**Try it:**
Please state the number of lines in the entries below where the word "with" appears. Include nothing else.

**Records to use:**
<<<<

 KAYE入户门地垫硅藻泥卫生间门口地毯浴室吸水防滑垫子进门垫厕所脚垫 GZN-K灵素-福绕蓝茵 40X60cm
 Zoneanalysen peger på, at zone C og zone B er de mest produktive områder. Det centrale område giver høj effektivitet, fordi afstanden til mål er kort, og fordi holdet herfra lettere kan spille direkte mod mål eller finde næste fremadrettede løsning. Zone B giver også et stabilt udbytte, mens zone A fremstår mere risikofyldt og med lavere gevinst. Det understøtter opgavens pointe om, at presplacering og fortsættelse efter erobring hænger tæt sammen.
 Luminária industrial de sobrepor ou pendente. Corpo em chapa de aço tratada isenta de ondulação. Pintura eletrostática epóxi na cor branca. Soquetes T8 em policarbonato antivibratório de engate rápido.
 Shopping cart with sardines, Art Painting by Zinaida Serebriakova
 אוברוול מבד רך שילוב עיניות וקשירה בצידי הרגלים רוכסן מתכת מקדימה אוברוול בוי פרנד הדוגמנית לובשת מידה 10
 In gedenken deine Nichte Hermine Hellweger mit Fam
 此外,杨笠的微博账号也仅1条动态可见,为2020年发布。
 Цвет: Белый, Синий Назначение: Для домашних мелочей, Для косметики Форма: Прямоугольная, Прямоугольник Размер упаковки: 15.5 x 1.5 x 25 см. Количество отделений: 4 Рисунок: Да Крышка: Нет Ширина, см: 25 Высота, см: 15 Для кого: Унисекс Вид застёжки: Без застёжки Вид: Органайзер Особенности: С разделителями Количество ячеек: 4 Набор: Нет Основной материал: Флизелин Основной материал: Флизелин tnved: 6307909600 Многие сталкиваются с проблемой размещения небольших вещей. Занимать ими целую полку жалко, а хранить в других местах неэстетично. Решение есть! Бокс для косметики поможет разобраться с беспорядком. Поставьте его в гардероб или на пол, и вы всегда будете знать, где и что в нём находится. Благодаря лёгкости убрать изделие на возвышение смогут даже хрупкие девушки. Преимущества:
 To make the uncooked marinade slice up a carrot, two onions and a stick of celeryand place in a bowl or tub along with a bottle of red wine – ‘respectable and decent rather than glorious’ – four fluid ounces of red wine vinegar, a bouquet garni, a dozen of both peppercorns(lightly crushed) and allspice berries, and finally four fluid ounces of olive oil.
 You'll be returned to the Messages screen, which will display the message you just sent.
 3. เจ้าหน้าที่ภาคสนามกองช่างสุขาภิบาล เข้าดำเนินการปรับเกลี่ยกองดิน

>>>>
<<<<

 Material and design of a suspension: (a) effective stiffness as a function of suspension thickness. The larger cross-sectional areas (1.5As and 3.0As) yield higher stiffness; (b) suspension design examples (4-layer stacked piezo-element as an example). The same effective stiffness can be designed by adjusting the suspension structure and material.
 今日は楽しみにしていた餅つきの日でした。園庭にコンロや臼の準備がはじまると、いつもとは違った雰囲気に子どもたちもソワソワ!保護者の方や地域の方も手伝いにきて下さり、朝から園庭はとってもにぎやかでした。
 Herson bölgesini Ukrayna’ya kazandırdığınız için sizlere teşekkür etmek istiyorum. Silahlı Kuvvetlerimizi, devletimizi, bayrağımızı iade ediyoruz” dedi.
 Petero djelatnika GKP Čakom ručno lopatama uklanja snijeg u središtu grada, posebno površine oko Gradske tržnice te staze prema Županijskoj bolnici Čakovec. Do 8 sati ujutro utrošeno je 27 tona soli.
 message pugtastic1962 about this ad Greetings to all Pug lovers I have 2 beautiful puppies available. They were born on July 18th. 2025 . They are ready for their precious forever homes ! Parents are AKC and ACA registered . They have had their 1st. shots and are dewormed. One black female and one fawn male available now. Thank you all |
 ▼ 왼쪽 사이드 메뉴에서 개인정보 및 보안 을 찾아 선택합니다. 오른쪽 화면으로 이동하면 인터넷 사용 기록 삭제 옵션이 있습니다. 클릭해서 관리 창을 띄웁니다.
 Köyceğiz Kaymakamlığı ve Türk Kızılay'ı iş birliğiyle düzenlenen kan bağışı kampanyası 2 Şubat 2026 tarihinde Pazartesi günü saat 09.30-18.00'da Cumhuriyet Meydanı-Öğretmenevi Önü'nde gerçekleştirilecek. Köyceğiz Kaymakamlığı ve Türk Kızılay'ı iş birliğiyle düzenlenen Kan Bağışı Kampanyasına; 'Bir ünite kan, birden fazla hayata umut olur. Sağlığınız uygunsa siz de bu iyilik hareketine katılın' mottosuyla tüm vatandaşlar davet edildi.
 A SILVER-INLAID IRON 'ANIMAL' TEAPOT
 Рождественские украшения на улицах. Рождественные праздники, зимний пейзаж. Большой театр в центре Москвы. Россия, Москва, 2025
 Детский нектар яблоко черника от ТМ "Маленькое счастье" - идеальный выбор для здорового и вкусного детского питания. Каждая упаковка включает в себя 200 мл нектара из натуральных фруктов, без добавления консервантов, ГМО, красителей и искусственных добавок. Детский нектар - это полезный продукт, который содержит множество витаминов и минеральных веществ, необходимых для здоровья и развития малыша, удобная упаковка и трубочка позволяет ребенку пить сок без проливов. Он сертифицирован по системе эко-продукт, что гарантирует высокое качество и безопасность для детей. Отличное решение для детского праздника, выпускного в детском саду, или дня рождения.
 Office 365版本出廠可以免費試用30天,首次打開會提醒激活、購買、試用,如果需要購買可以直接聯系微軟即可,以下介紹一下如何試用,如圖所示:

>>>>
<<<<

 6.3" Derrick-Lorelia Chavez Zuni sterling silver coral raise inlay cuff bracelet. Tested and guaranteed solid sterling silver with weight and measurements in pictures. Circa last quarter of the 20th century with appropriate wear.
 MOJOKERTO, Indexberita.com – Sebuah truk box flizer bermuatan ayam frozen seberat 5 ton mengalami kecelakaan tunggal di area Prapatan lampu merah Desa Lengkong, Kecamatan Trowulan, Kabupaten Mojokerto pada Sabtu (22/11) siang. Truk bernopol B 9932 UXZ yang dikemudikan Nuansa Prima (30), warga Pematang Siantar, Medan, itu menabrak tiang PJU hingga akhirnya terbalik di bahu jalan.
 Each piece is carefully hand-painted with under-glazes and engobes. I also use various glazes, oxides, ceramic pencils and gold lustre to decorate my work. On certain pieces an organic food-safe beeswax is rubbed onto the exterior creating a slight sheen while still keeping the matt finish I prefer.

>>>>

**Result of the task:**
4